Assignment
Apart from the pictures, every line below needs to be reproduced verbatim.

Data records
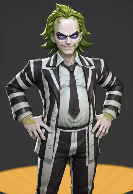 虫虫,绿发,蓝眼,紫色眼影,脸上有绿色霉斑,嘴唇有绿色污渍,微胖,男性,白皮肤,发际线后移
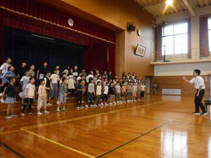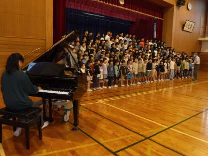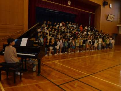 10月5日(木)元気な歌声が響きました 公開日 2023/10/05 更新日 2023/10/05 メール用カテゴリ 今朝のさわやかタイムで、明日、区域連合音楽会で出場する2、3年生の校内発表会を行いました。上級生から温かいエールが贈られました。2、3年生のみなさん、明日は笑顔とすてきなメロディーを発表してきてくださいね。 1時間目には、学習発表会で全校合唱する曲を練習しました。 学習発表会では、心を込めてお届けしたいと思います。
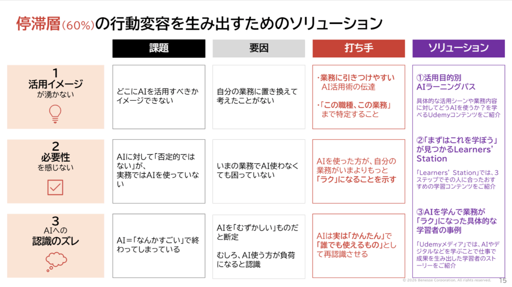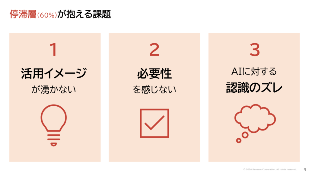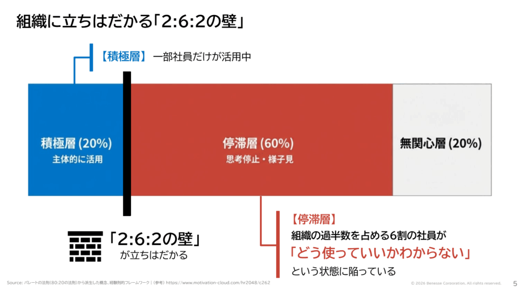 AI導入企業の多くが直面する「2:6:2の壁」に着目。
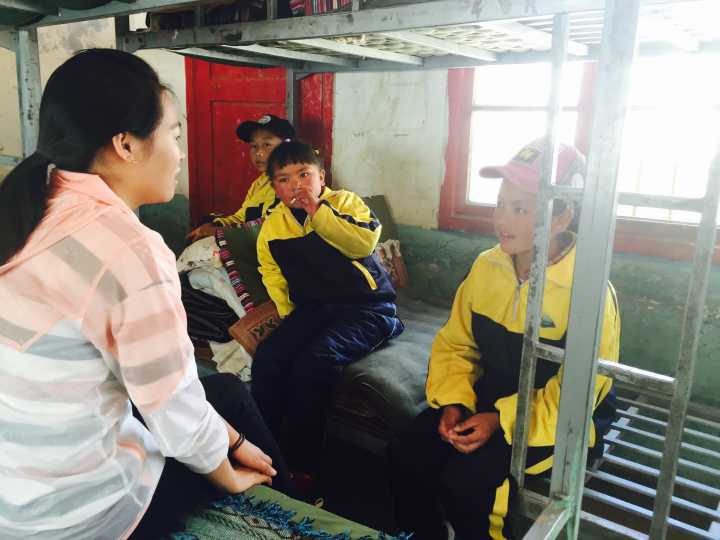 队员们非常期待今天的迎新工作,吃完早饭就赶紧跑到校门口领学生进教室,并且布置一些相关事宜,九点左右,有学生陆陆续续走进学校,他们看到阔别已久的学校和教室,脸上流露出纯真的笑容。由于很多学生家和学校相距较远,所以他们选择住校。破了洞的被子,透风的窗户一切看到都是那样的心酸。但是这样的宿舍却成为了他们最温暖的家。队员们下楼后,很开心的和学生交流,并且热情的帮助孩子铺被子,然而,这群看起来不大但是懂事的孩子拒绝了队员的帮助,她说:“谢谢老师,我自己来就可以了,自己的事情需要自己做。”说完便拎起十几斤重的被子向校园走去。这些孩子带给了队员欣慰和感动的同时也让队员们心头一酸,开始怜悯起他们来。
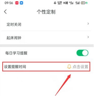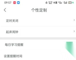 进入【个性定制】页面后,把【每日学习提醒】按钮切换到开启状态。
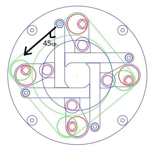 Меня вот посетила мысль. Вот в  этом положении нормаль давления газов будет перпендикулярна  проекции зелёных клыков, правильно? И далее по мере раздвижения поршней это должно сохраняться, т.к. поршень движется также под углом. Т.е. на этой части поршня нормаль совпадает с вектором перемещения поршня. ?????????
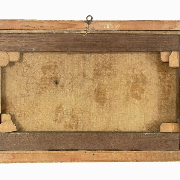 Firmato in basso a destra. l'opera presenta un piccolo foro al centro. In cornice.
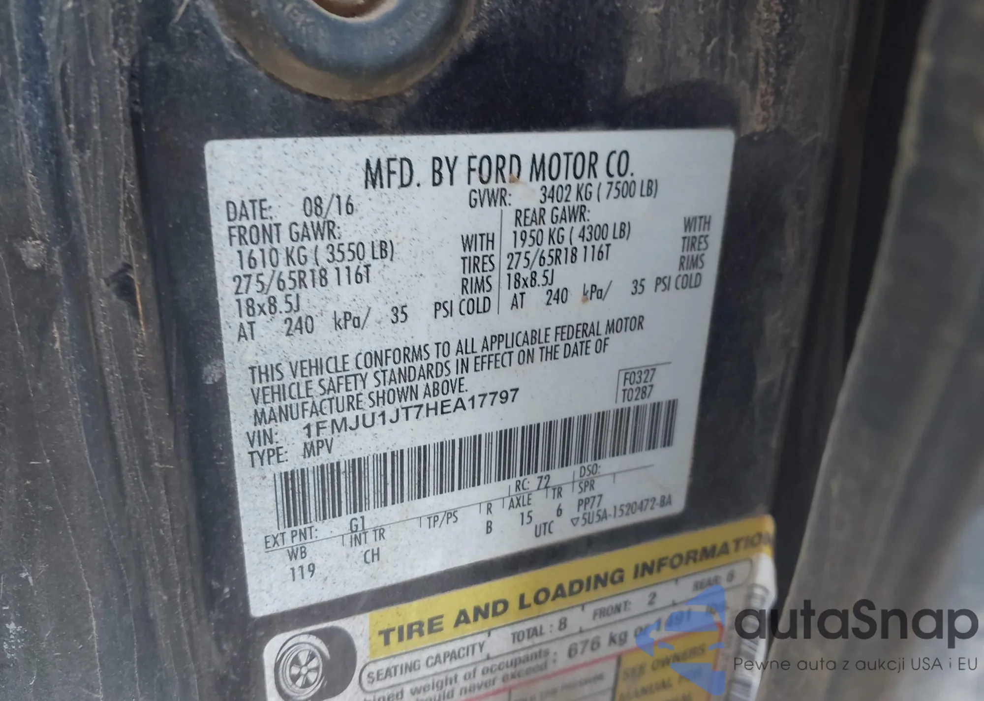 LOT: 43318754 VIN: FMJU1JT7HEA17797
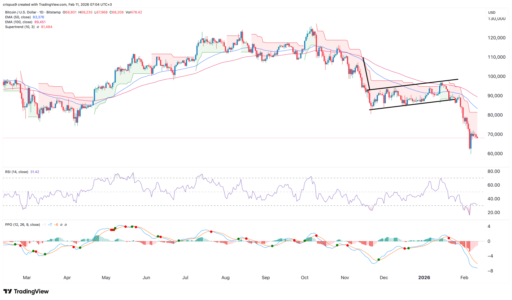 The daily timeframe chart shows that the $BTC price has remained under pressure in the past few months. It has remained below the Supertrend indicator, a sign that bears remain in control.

Answer box
 虫虫,绿发,蓝眼,紫色眼影,脸上有绿色霉斑,嘴唇有绿色污渍,微胖,男性,白皮肤,发际线后移
 10月5日(木)元気な歌声が響きました 公開日 2023/10/05 更新日 2023/10/05 メール用カテゴリ 今朝のさわやかタイムで、明日、区域連合音楽会で出場する2、3年生の校内発表会を行いました。上級生から温かいエールが贈られました。2、3年生のみなさん、明日は笑顔とすてきなメロディーを発表してきてくださいね。 1時間目には、学習発表会で全校合唱する曲を練習しました。 学習発表会では、心を込めてお届けしたいと思います。
 AI導入企業の多くが直面する「2:6:2の壁」に着目。
 队员们非常期待今天的迎新工作,吃完早饭就赶紧跑到校门口领学生进教室,并且布置一些相关事宜,九点左右,有学生陆陆续续走进学校,他们看到阔别已久的学校和教室,脸上流露出纯真的笑容。由于很多学生家和学校相距较远,所以他们选择住校。破了洞的被子,透风的窗户一切看到都是那样的心酸。但是这样的宿舍却成为了他们最温暖的家。队员们下楼后,很开心的和学生交流,并且热情的帮助孩子铺被子,然而,这群看起来不大但是懂事的孩子拒绝了队员的帮助,她说:“谢谢老师,我自己来就可以了,自己的事情需要自己做。”说完便拎起十几斤重的被子向校园走去。这些孩子带给了队员欣慰和感动的同时也让队员们心头一酸,开始怜悯起他们来。
 进入【个性定制】页面后,把【每日学习提醒】按钮切换到开启状态。
 Меня вот посетила мысль. Вот в  этом положении нормаль давления газов будет перпендикулярна  проекции зелёных клыков, правильно? И далее по мере раздвижения поршней это должно сохраняться, т.к. поршень движется также под углом. Т.е. на этой части поршня нормаль совпадает с вектором перемещения поршня. ?????????
 Firmato in basso a destra. l'opera presenta un piccolo foro al centro. In cornice.
 LOT: 43318754 VIN: FMJU1JT7HEA17797
 The daily timeframe chart shows that the $BTC price has remained under pressure in the past few months. It has remained below the Supertrend indicator, a sign that bears remain in control.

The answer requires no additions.